University of Calgary

Military Museum

June 11, 2009
Joined by Colleen Sharpe and Thomas Hickerson from U of C Library and Cultural Resources, Her Royal Highness The Countess of Wes
Joined by Colleen Sharpe and Thomas Hickerson from U of C Library and Cultural Resources, Her Royal Highness The Countess of Wessex cuts the ribbon to officially open the expanded Military Museums along with the Founders Gallery and the Library and Archives, both operated by the University of Calgary.

Royal visit to celebrate military museum grand opening

On June 6, U of C staff met Sophie, Countess of Wessex, who visited Calgary’s Military Museums for the grand opening of the expanded facility. The museums’ Library and Archives as well as the new Founders Gallery are operated by the University of Calgary Library and Cultural Resources and act as a U of C branch housed at the Military Museums. Now officially open to the public, the expanded library and archives welcomes students of strategic military studies, school groups, researchers and members of the public seeking records of family members who served in the military.

“The cooperation between the university and the Military Museums is an important way to serve the larger Calgary community,” says Thomas Hickerson, vice-provost for Libraries and Cultural Resources and University Librarian. “We draw on the strength of the Military Museums and the university to build a strong archival program. We have an active student program for primary and secondary students, tours of the archives and a library for formal or informal visits.”

With the expansion of space, the library and archives at the Military Museums now holds 20,000 books and has created access to all the electronic resources that are available through the main U of C library. Additionally, it has acquired some unique materials.

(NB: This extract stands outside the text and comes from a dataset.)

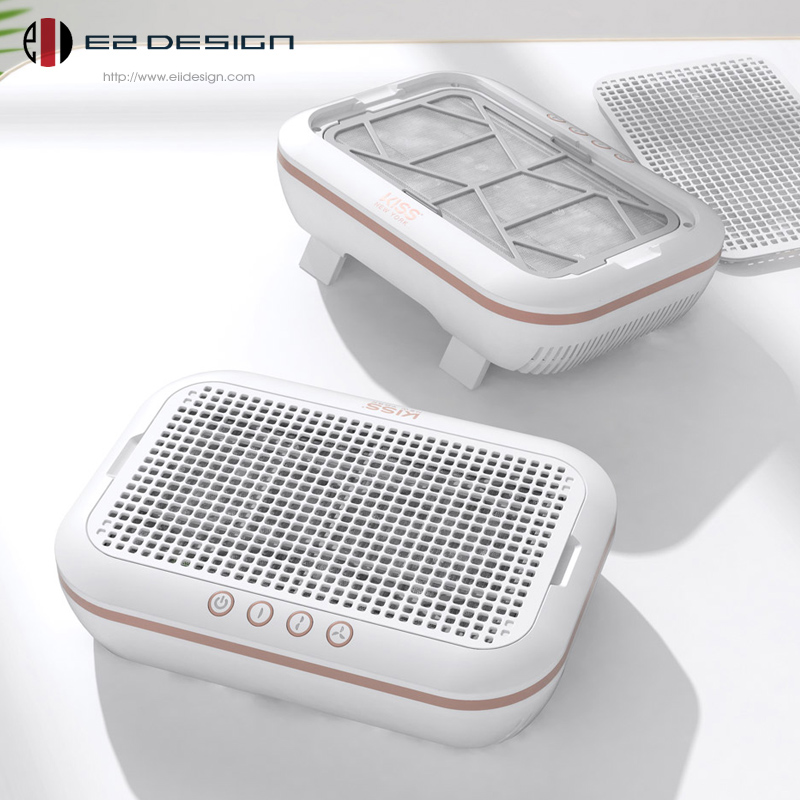 작은 네일샾에서도 효율적으로 사용할 수 있도록 이동 손잡이가 적용된 네일흡진기입니다. 고객 방향에서 편의를 위해 받침대가 내장되고 전원선을 3방향으로 하는 등 편의성에 초점을 두고 디자인 되었습니다.

“We now have battle maps showing the exact locations of Canadian battles during World War I,” says Hickerson. “One map conveys the entirety of Canadian battle sites, showing how significant battles took place in close proximity to each other. These artifacts are impressive for understanding what went on and are real research resources as well.”

The Military Museums expansion also includes the Founders Gallery, a new art gallery also administered by the U of C Library and Cultural Resources. The premiere exhibit is Art in the Service of War: The Emergent Group of Seven. It features four artists who were commissioned to create an official record of Canada’s participation in World War I and who were later to become part of the Group of Seven. More than 40 artworks by A.Y Jackson, Arthur Lismer, Frank Johnston, and Fred Varley are on loan from the Canadian War Museum in Ottawa and have never before been displayed in Calgary.

“The gallery demonstrates how military artifacts inform art and how art informs military artifacts,” says Colleen Sharpe, Curator for the gallery who was seconded from the Nickle Arts Museum. “In one artwork, A.Y. Jackson painted a gas attack he had watched from a hillside. In front of the piece is a display of gas masks and a text articulating a nurse’s perspective of the same attack. Looking through the case of gas masks onto the painting of the sight gives multiple perspectives of the event.”

The exhibit will be on display in the Founders Gallery at the Military Museums until December 6, 2009.